I feel my mind going 100 MPH with memories of everything that's happened in my life.

Assault

Bullying

Self hate

Constant betrayal

And the worst no hope

Why am I even here? Why? All people do is push me around I CANT FUCKING TAKE IT

Im so tired of feeling this pain constantly. The feeling of self pitty, loneliness, meaningless...

I look around in my room throwing things to the floor finding anything. I go through a drawer and find scissors. I hold the scissors while lifting my pants to my knee. I place is just high enough to where people won't see it and press the scissors against my skin.
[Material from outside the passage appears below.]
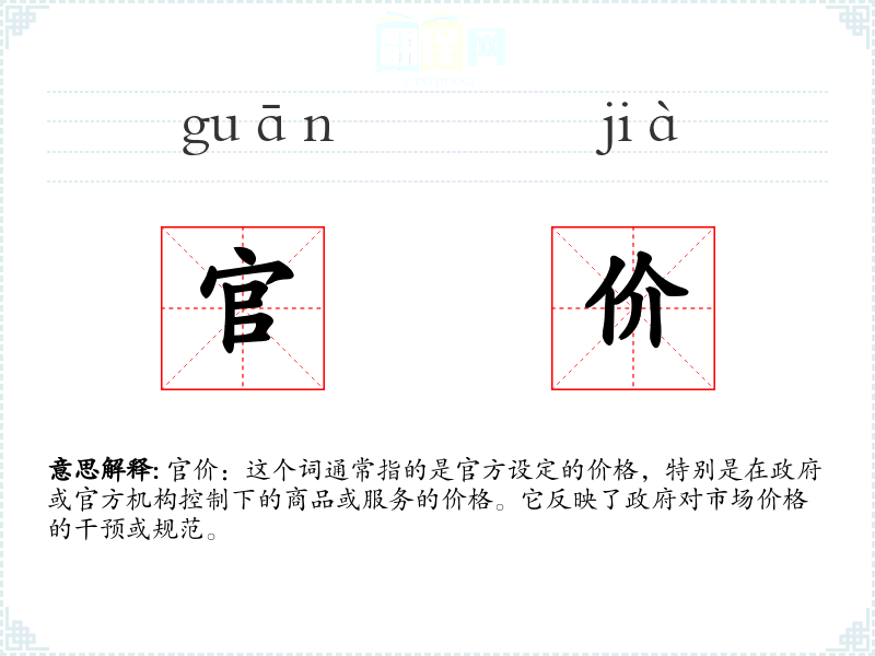 官价:这个词通常指的是官方设定的价格,特别是在政府或官方机构控制下的商品或服务的价格。它反映了政府对市场价格的干预或规范。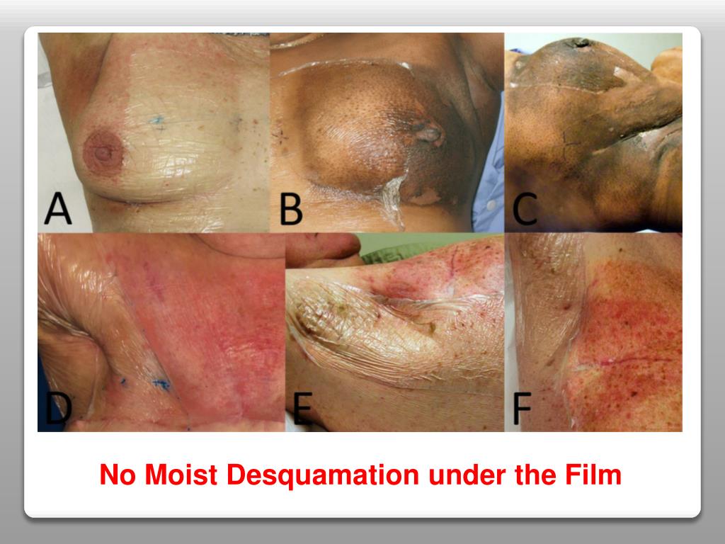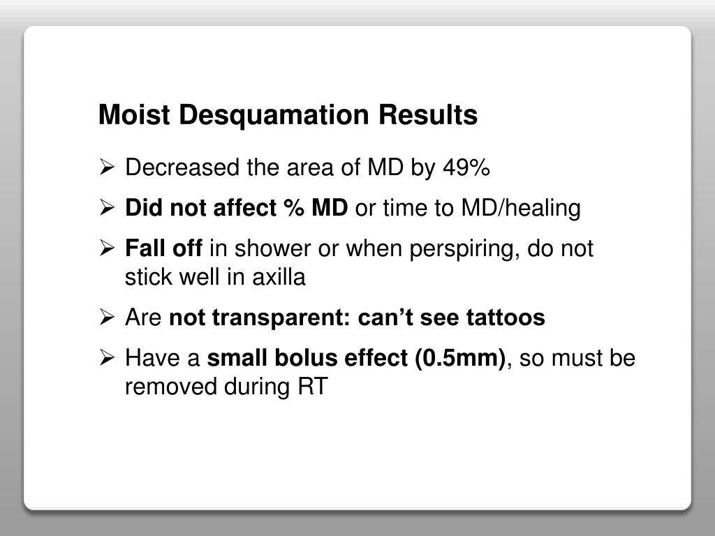 Moist Desquamation Results • Decreased the area of MD by 49% • Did not affect % MD or time to MD/healing • Fall off in shower or when perspiring, do not stick well in axilla • Are not transparent: can’t see tattoos • Have a small bolus effect (0.5mm), so must be removed during RT

I only felt a pinch and when I look at the leg blood begins slowly to pour down on my leg. I watch as it slowly pours half way down before I decided to wipe it. I didn't want anyone to notice the cut so I go to the bathroom and grab rubbing alcohol to clean the wound. I go back to my room to rip a random shirt I didn't use to wrap and wound.

The pain felt good, the physical pain other than the internal pain. It was hard to explain but I would rather feel that then the pain I'd felt before.

*

I put my pants back down and get to bed to fall sound asleep.